- **What you have to do**: Write the lines below out exactly, dropping each picture.

Start of Data section

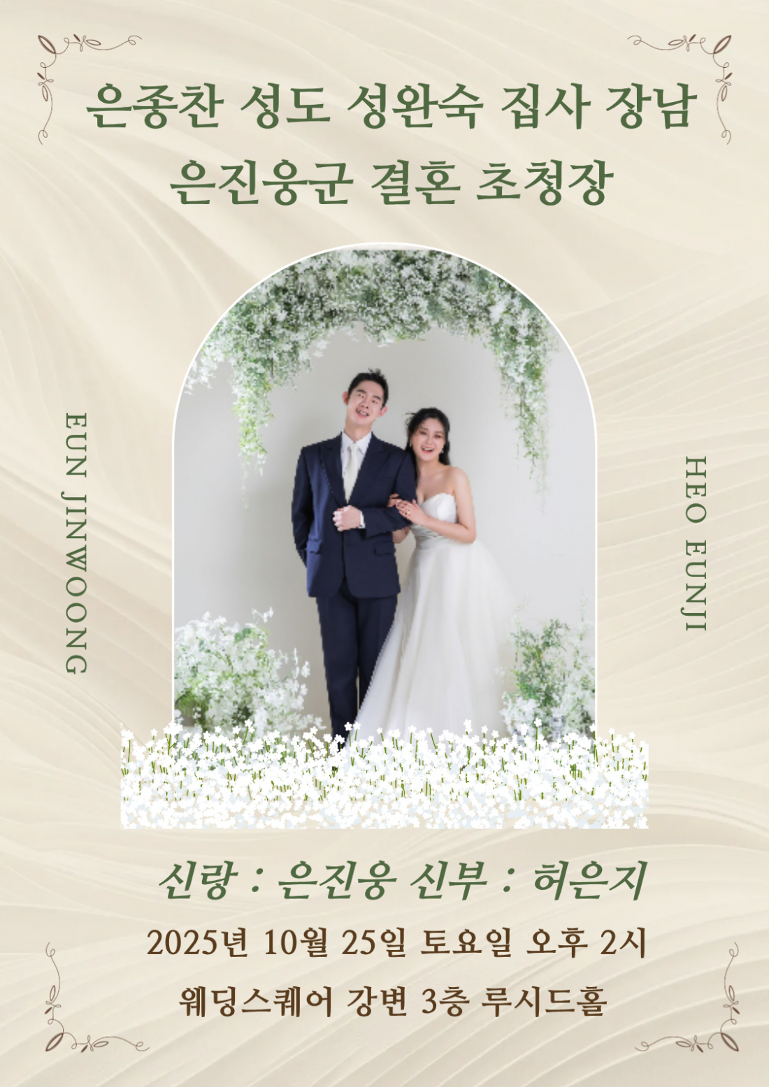 [결혼] 은진웅 군(은종찬 성도, 성완숙 집사 장남) 초청장 25.10.25(토)
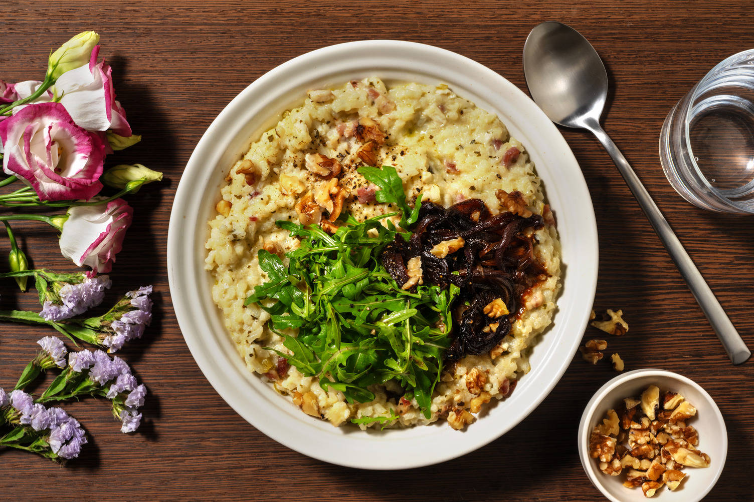 Preheat the oven to 220°C/200°C fan-forced. Cut the potato into bite-sized chunks, then place on a lined oven tray. Drizzle with olive oil and season with salt and pepper. Toss to coat, spread out evenly, then roast until just tender, 10-15 minutes. Meanwhile, finely chop the garlic and brown onion (see ingredients). Grate the carrot.
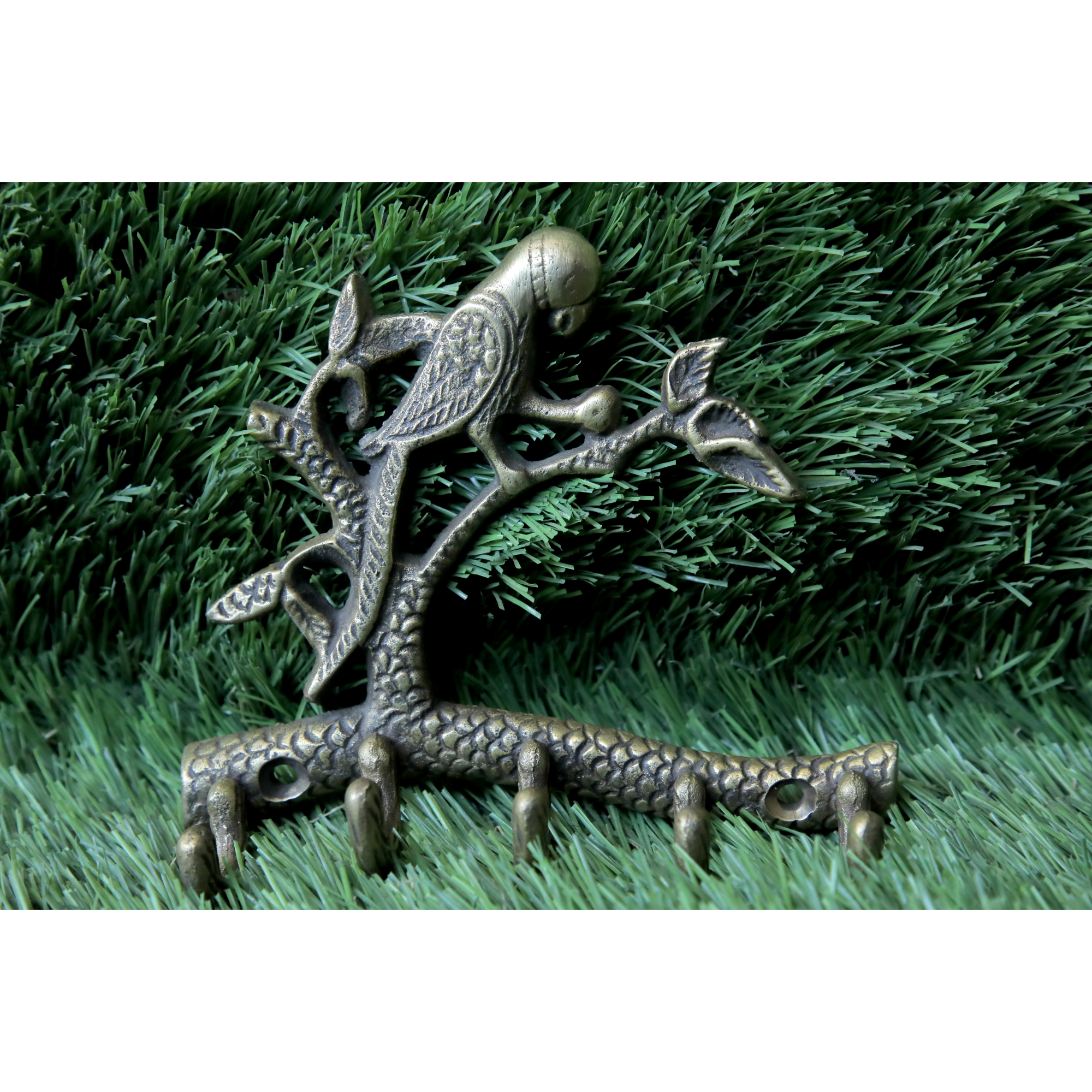 Design: Beautiful Parrot-themed brass keyholder with fine handcrafted detailing

End of Data section

- **Exercise response**:
 [결혼] 은진웅 군(은종찬 성도, 성완숙 집사 장남) 초청장 25.10.25(토)
 Preheat the oven to 220°C/200°C fan-forced. Cut the potato into bite-sized chunks, then place on a lined oven tray. Drizzle with olive oil and season with salt and pepper. Toss to coat, spread out evenly, then roast until just tender, 10-15 minutes. Meanwhile, finely chop the garlic and brown onion (see ingredients). Grate the carrot.
 Design: Beautiful Parrot-themed brass keyholder with fine handcrafted detailing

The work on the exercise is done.